Problem: Could you repeat the entries below exactly, but only from the line with "- Package Include: 12" through the line with "Felpa Liu Jo", and without any picture?

Record set:
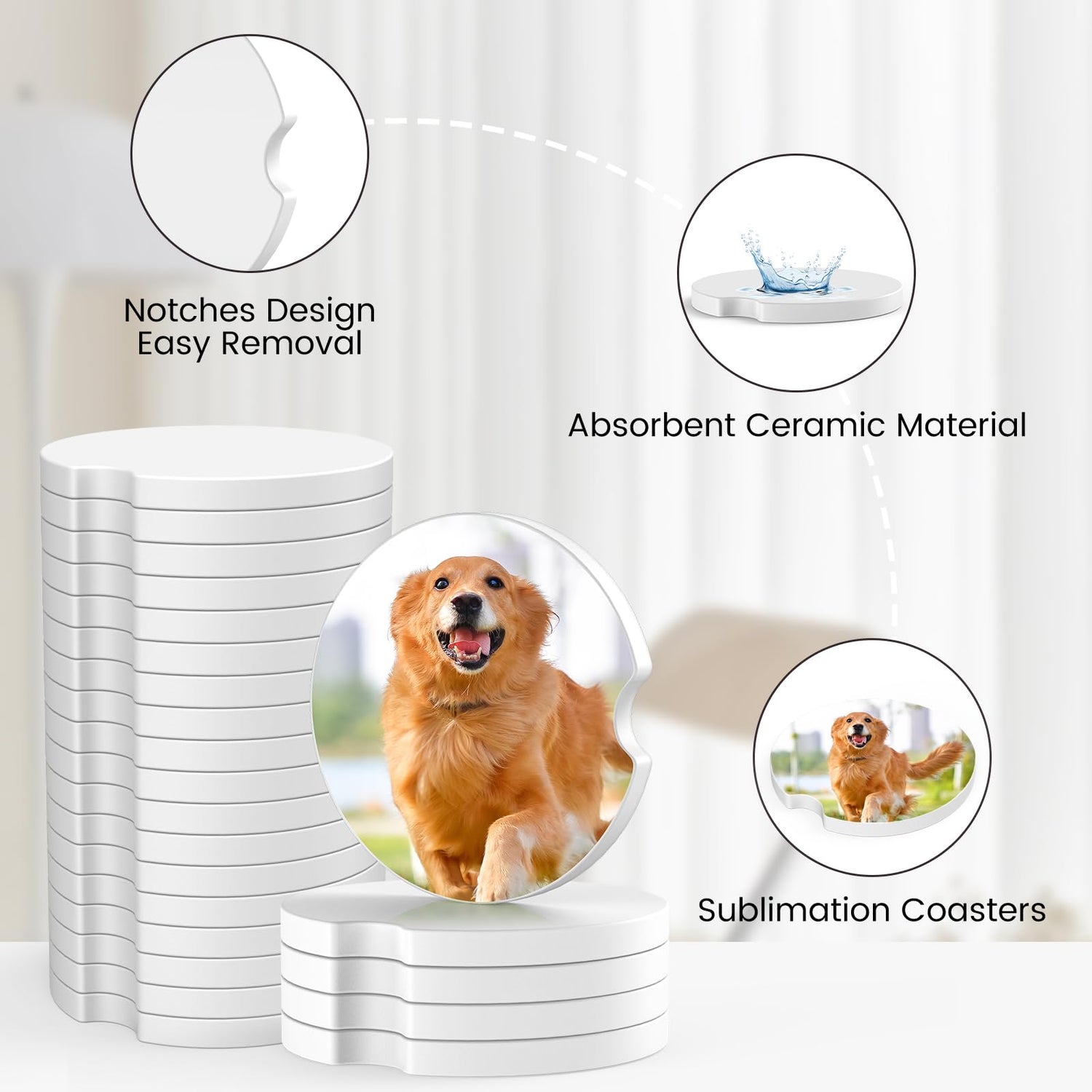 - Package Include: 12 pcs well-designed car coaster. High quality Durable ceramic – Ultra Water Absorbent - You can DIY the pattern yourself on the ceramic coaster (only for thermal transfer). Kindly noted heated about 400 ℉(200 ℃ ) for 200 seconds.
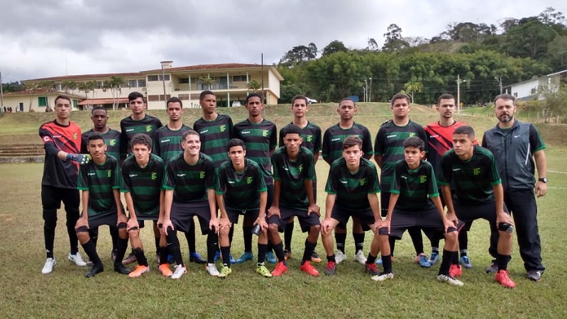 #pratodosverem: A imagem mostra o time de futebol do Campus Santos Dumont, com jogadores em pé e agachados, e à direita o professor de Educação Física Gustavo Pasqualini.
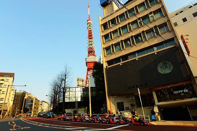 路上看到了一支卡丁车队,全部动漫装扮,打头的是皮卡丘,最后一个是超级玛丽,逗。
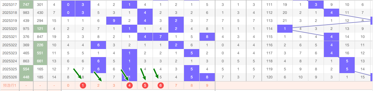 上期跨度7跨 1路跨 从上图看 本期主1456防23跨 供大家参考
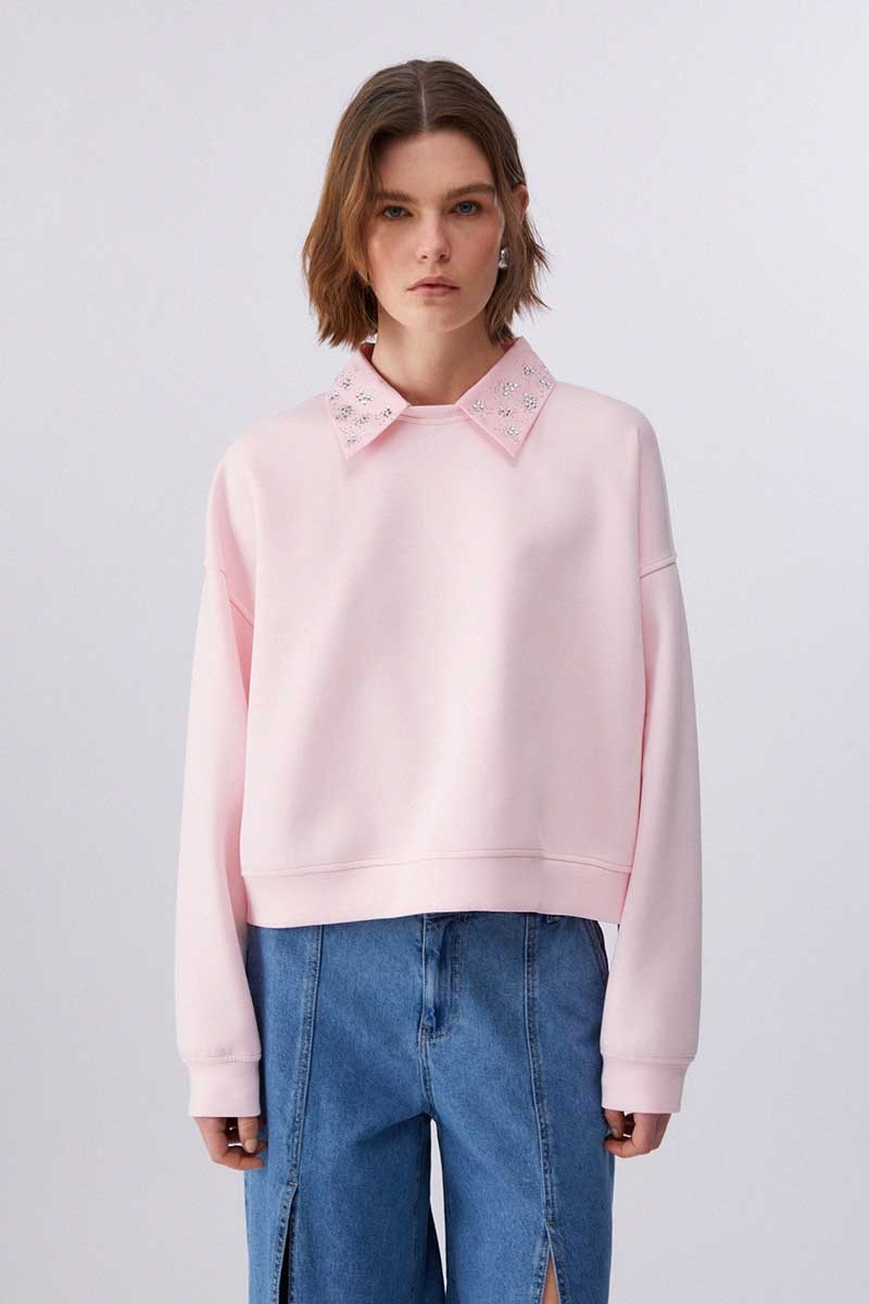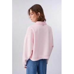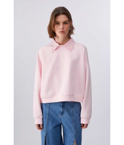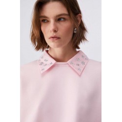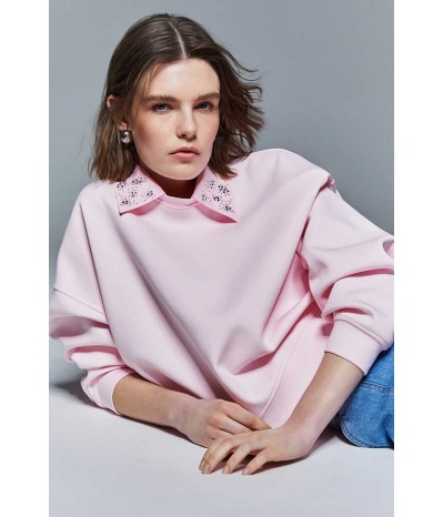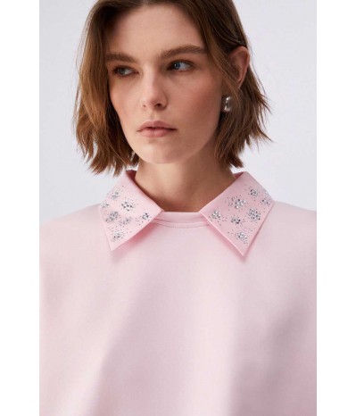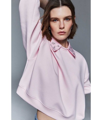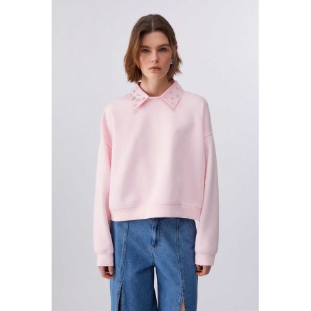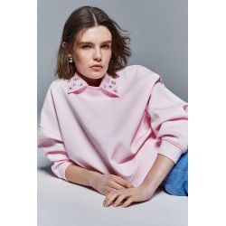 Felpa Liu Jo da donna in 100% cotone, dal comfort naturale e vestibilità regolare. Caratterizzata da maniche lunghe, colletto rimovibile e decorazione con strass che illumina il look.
==
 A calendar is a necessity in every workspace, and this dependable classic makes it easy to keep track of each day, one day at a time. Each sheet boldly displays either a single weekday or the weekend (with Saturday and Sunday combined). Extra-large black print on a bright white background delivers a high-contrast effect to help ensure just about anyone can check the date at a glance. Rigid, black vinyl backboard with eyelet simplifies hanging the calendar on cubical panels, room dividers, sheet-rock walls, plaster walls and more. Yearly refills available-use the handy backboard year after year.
==
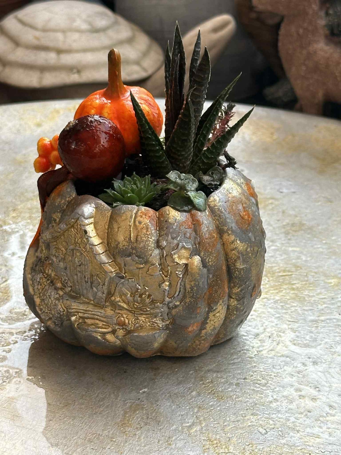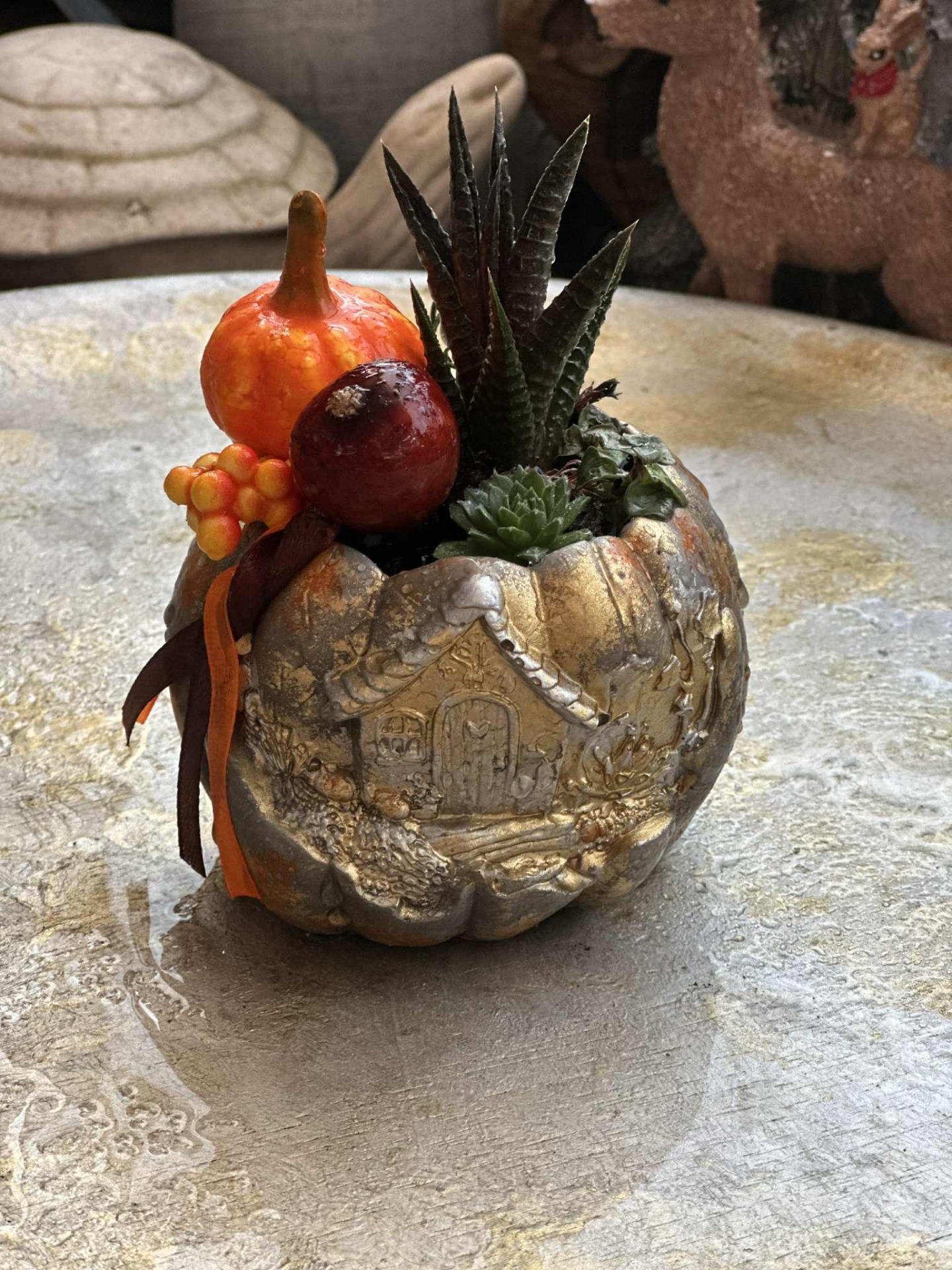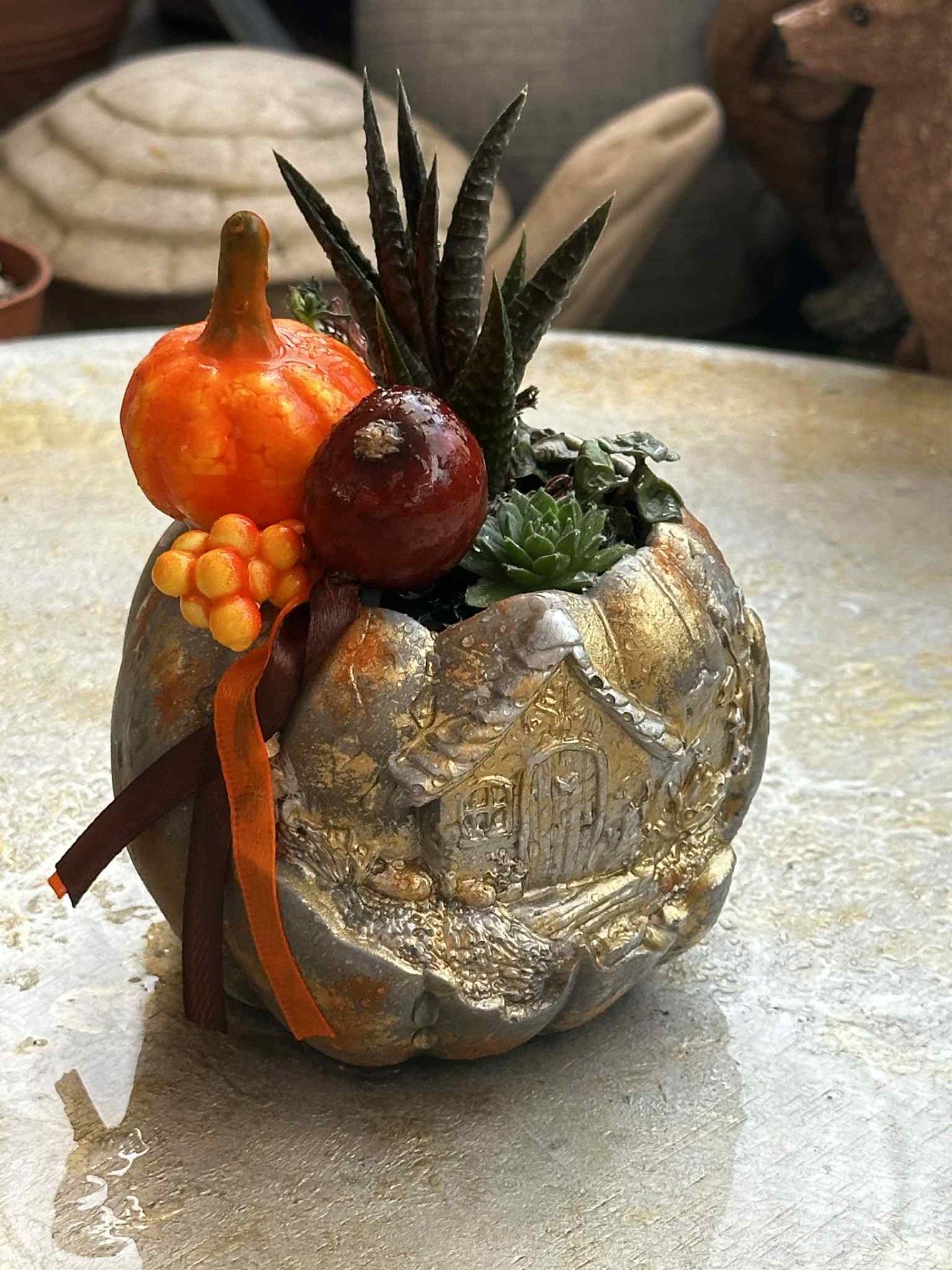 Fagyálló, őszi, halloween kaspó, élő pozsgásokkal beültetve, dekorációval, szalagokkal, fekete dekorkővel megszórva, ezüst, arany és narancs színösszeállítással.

Result:
 - Package Include: 12 pcs well-designed car coaster. High quality Durable ceramic – Ultra Water Absorbent - You can DIY the pattern yourself on the ceramic coaster (only for thermal transfer). Kindly noted heated about 400 ℉(200 ℃ ) for 200 seconds.
 #pratodosverem: A imagem mostra o time de futebol do Campus Santos Dumont, com jogadores em pé e agachados, e à direita o professor de Educação Física Gustavo Pasqualini.
 路上看到了一支卡丁车队,全部动漫装扮,打头的是皮卡丘,最后一个是超级玛丽,逗。
 上期跨度7跨 1路跨 从上图看 本期主1456防23跨 供大家参考
 Felpa Liu Jo da donna in 100% cotone, dal comfort naturale e vestibilità regolare. Caratterizzata da maniche lunghe, colletto rimovibile e decorazione con strass che illumina il look.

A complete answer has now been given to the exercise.